Le PMU a le vent en poupe.
En 2011, l'organisme collecteur de paris n°1 a, pour la première fois de son histoire (et de celle des courses françaises) dépassé le cap fatidique des 10 milliards de chiffre d'affaires (10 milliards 236 millions, exactement). Soit une progression de 7,3%.
Comme un bonheur n'arrive jamais seul (c'est rare en période de récession), le PMU va porter sur les fonds baptismaux son nouveau jeu, le Pick 5, samedi 7 janvier.
5 chevaux sans ordre, ni bonus, ni tirelire
Le Pick 5 ne participe pas d'un concept nouveau - il s'agit purement et simplement d'un quinté "relooké" - mais il répond à l'attente de nombreux turfistes qui, depuis un certain temps, boudaient le quinté, estimant qu'il faisait la part trop belle au hasard.

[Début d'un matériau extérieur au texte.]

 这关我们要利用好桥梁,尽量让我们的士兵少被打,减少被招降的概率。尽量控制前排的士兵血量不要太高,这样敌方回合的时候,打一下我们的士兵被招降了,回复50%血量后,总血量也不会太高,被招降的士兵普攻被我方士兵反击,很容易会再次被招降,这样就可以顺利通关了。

Le Pick 5 consistera à trouver les 5 premiers d'une course (autre que celle réservée au quinté), sans aucun ordre et sans aucune autre catégorie de rapports (bonus, tirelire, etc.). Cela veut dire que les gagnants - ceux qui auront les cinq premiers sur leur ticket - se partageront la totalité des mises engagées, hors prélèvement légaux (30%), bien sûr.
Le rapport moyen est estimé à 4000 € pour une mise de 1 € (unité de base contre 2 € au quinté).

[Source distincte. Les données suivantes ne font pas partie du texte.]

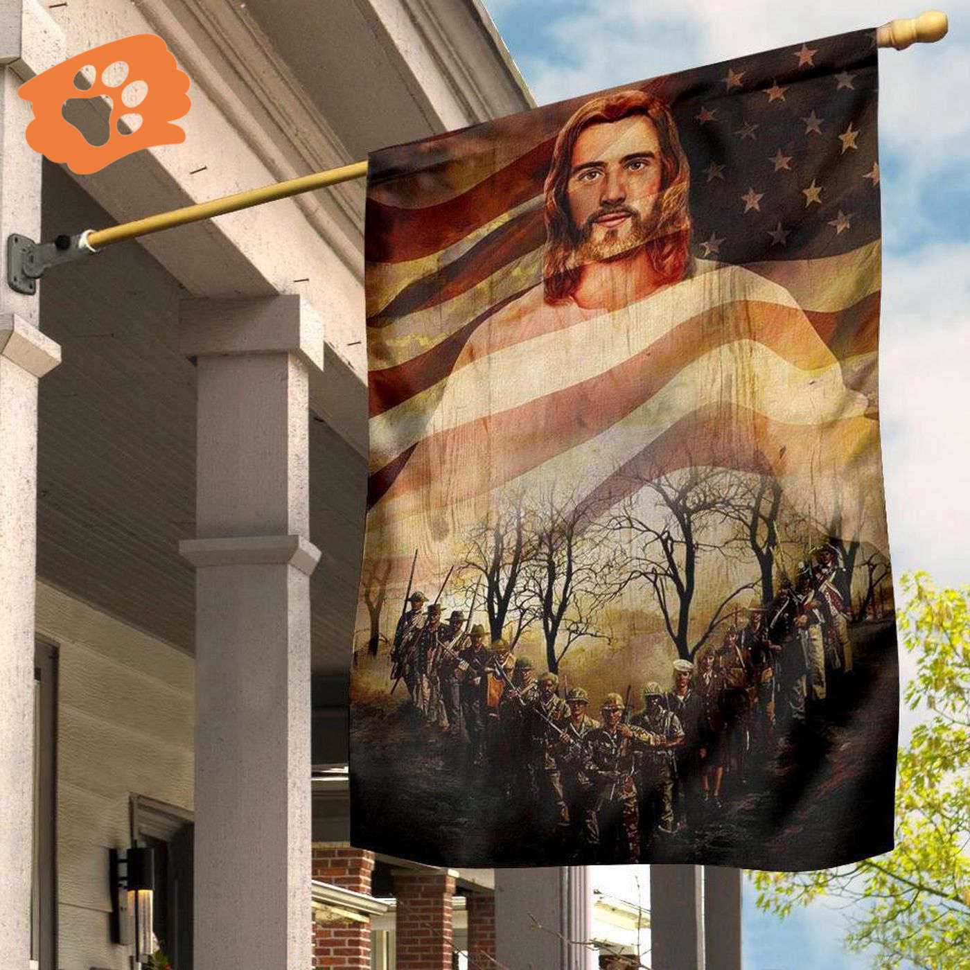 Jesus And Veterans American Flag One Nation Under God Canvas Print Art Military Decor – information

10 chevaux pour... 25,20 € !
L'autre grande nouveauté consiste à proposer aux joeurs des Flexis (paris à mise réduite) allant jusqu'à 10% de l'enjeu initial. Evidemment, l'espérance de gains sera aussi ramenée à 10%... mais cette option permettra aux joueurs à petit budget d'avoir accès aux formules combinées et, de ce fait, d'augmenter leurs chances. A titre d'exemple, vous pourrez jouer une combinaison de 10 chevaux pour seulement... 25,20 € !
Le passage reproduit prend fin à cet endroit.